■ Task to complete ■
Please give back the listing exactly, without any of its pictures.
[Collected data]
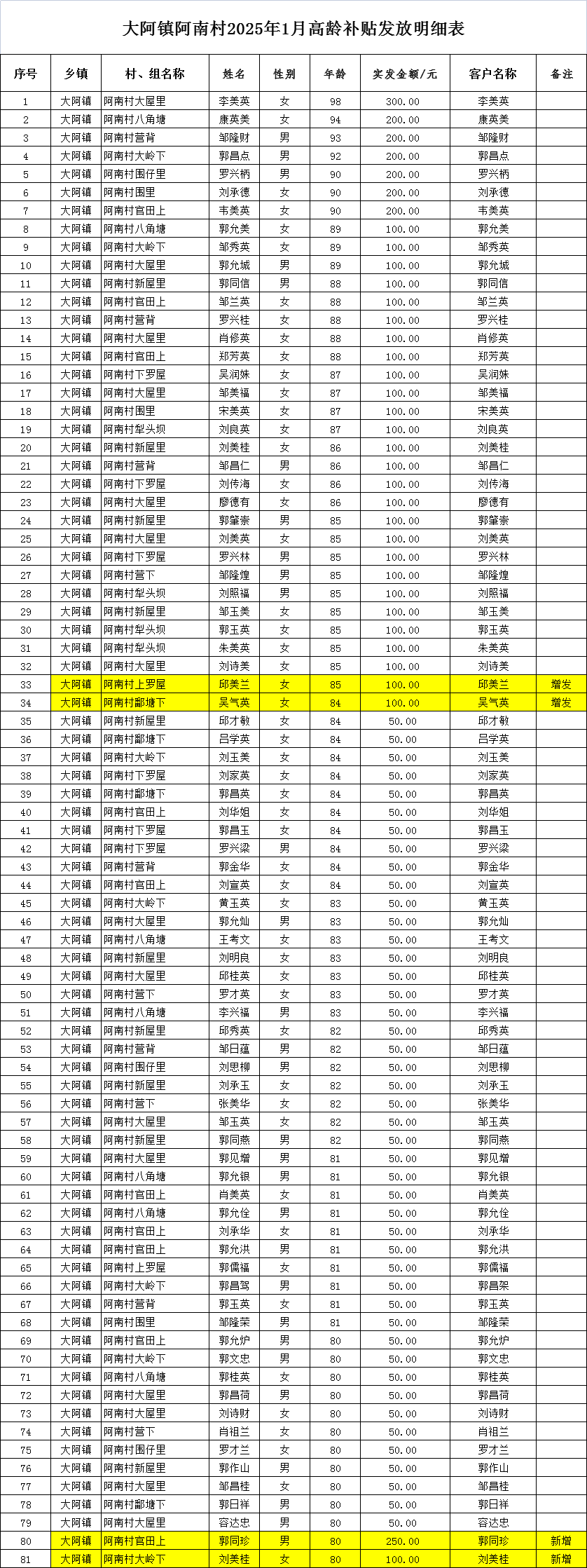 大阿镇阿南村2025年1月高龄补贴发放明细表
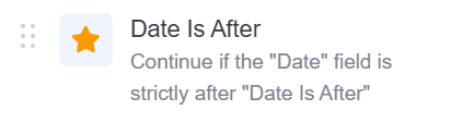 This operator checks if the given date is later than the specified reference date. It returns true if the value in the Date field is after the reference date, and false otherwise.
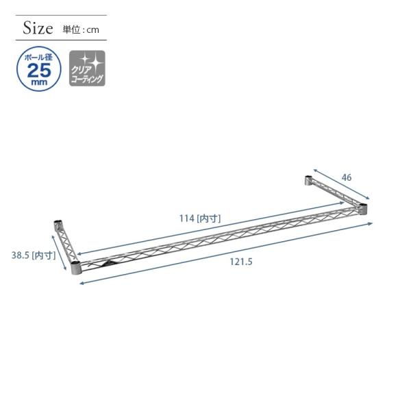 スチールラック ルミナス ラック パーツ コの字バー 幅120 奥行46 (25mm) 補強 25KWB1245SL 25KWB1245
[/Collected data]
■ Task result ■
 大阿镇阿南村2025年1月高龄补贴发放明细表
 This operator checks if the given date is later than the specified reference date. It returns true if the value in the Date field is after the reference date, and false otherwise.
 スチールラック ルミナス ラック パーツ コの字バー 幅120 奥行46 (25mm) 補強 25KWB1245SL 25KWB1245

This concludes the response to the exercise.